INFORMATION:
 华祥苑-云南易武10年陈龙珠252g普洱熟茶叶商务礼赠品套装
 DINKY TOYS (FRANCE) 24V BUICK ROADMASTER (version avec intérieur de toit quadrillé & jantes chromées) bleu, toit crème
* * *
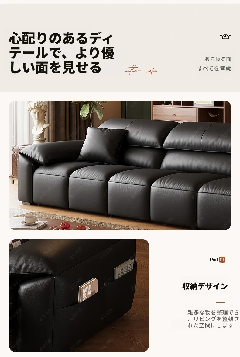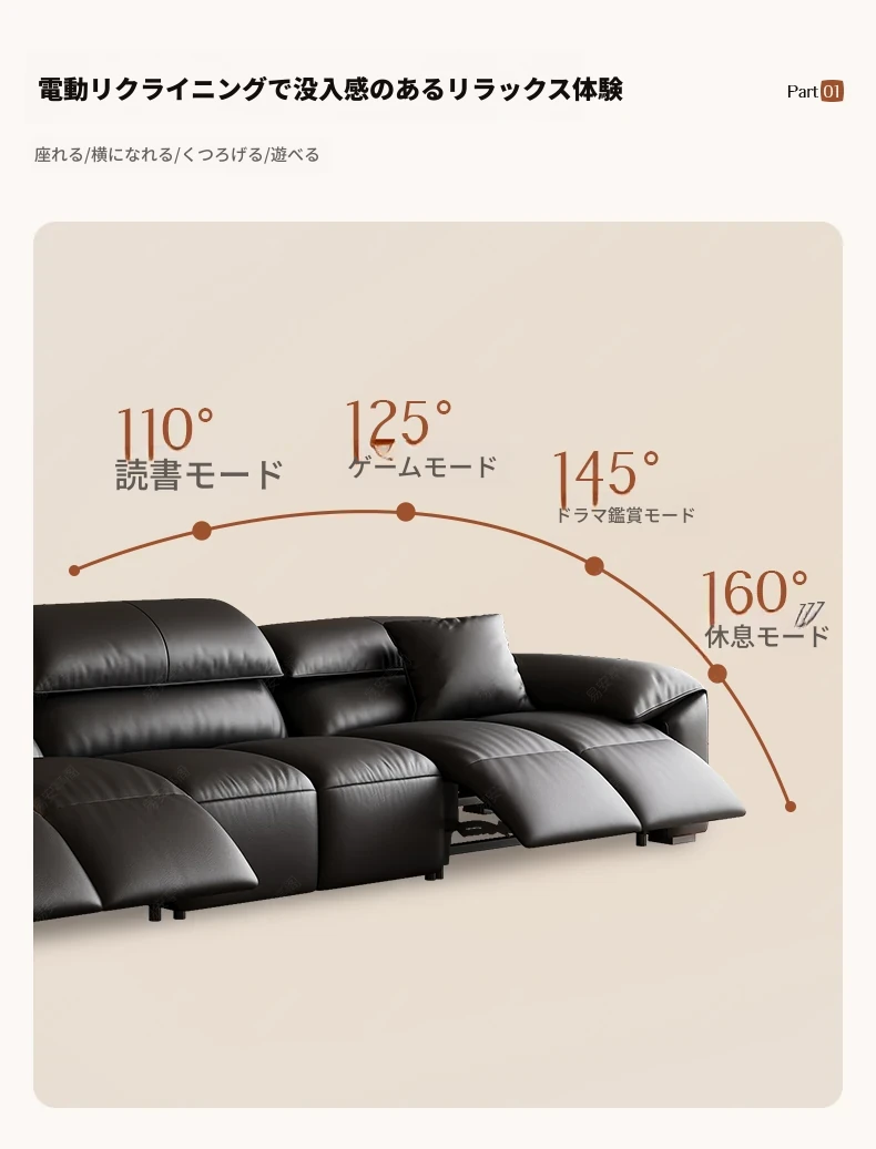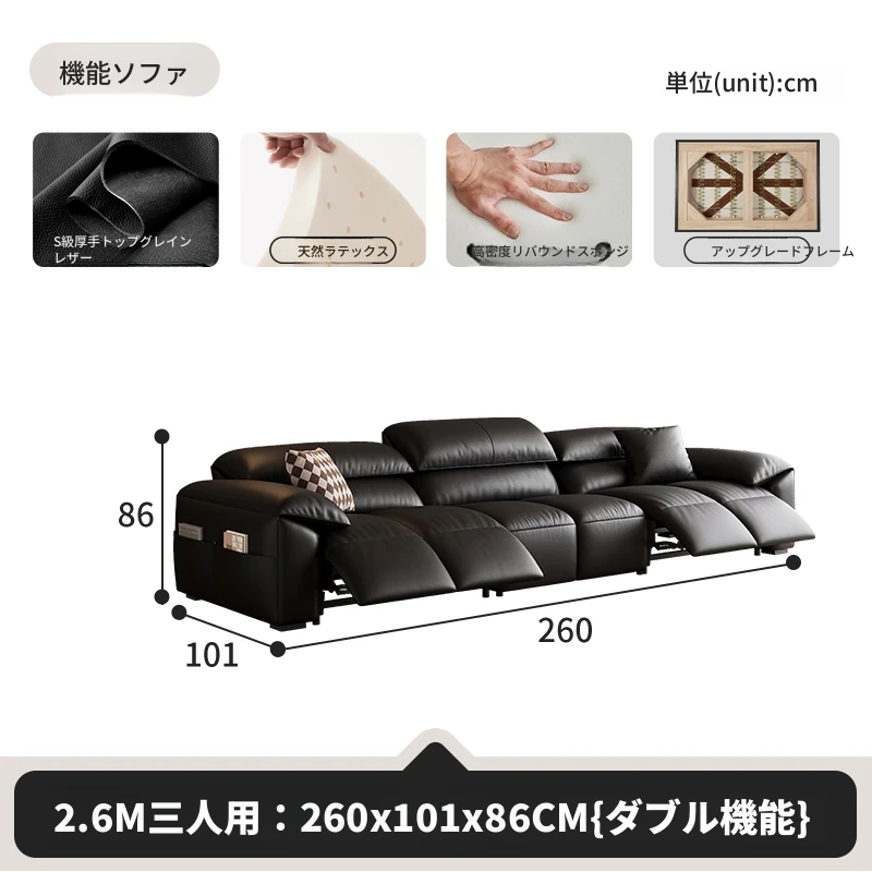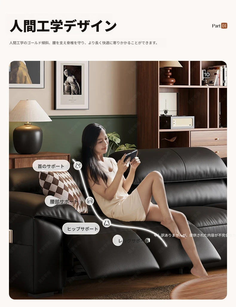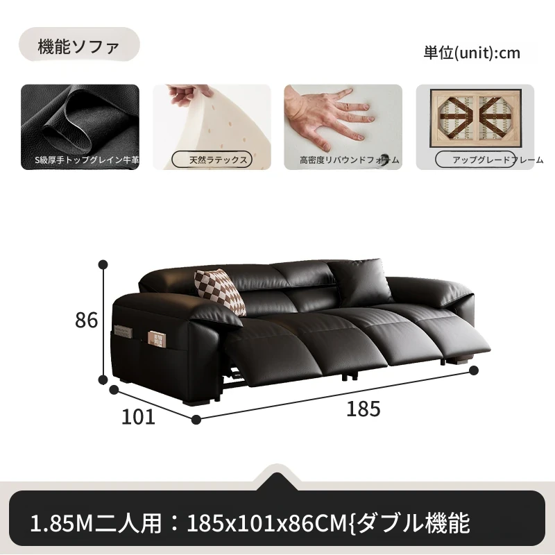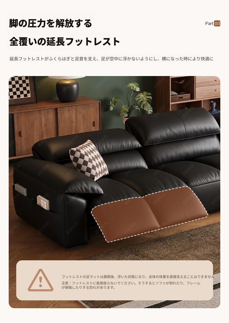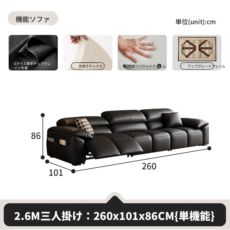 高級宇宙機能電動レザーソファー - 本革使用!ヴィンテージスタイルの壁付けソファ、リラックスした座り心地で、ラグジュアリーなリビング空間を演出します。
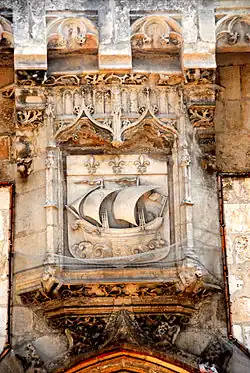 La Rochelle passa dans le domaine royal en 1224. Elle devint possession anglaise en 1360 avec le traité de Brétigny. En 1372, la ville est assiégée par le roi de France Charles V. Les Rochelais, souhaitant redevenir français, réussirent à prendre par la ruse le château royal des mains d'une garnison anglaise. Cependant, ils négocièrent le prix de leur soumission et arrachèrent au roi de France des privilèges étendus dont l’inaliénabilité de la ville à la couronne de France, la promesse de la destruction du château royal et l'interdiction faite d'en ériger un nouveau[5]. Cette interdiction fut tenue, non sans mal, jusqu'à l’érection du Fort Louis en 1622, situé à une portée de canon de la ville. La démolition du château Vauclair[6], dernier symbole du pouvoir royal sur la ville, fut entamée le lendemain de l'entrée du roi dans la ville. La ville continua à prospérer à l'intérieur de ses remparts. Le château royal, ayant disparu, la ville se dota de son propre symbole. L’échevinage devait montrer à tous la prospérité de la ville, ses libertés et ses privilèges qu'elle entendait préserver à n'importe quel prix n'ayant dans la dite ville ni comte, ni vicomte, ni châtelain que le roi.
---
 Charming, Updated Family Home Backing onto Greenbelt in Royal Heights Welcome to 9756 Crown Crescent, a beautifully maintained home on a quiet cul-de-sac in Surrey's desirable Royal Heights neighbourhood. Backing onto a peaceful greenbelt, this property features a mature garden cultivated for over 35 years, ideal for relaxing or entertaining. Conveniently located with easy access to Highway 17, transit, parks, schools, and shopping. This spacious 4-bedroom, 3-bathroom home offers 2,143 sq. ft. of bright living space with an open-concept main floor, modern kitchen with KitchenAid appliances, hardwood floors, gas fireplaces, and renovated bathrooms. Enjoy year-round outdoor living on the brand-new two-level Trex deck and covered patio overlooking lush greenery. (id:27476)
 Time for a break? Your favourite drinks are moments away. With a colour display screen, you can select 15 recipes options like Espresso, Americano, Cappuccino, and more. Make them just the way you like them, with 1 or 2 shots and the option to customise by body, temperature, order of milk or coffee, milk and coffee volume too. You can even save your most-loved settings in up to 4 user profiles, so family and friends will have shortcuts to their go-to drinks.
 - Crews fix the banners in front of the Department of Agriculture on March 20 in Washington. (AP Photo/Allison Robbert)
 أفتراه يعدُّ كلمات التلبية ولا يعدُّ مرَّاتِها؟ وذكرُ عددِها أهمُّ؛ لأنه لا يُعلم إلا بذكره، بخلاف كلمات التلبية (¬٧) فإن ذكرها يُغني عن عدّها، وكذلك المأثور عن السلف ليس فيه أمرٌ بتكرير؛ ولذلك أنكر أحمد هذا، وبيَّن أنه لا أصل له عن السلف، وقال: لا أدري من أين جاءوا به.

TASK GOAL: Each line in the listing that contains "with" should be returned.

COMPLETED TASK:
 Charming, Updated Family Home Backing onto Greenbelt in Royal Heights Welcome to 9756 Crown Crescent, a beautifully maintained home on a quiet cul-de-sac in Surrey's desirable Royal Heights neighbourhood. Backing onto a peaceful greenbelt, this property features a mature garden cultivated for over 35 years, ideal for relaxing or entertaining. Conveniently located with easy access to Highway 17, transit, parks, schools, and shopping. This spacious 4-bedroom, 3-bathroom home offers 2,143 sq. ft. of bright living space with an open-concept main floor, modern kitchen with KitchenAid appliances, hardwood floors, gas fireplaces, and renovated bathrooms. Enjoy year-round outdoor living on the brand-new two-level Trex deck and covered patio overlooking lush greenery. (id:27476)
 Time for a break? Your favourite drinks are moments away. With a colour display screen, you can select 15 recipes options like Espresso, Americano, Cappuccino, and more. Make them just the way you like them, with 1 or 2 shots and the option to customise by body, temperature, order of milk or coffee, milk and coffee volume too. You can even save your most-loved settings in up to 4 user profiles, so family and friends will have shortcuts to their go-to drinks.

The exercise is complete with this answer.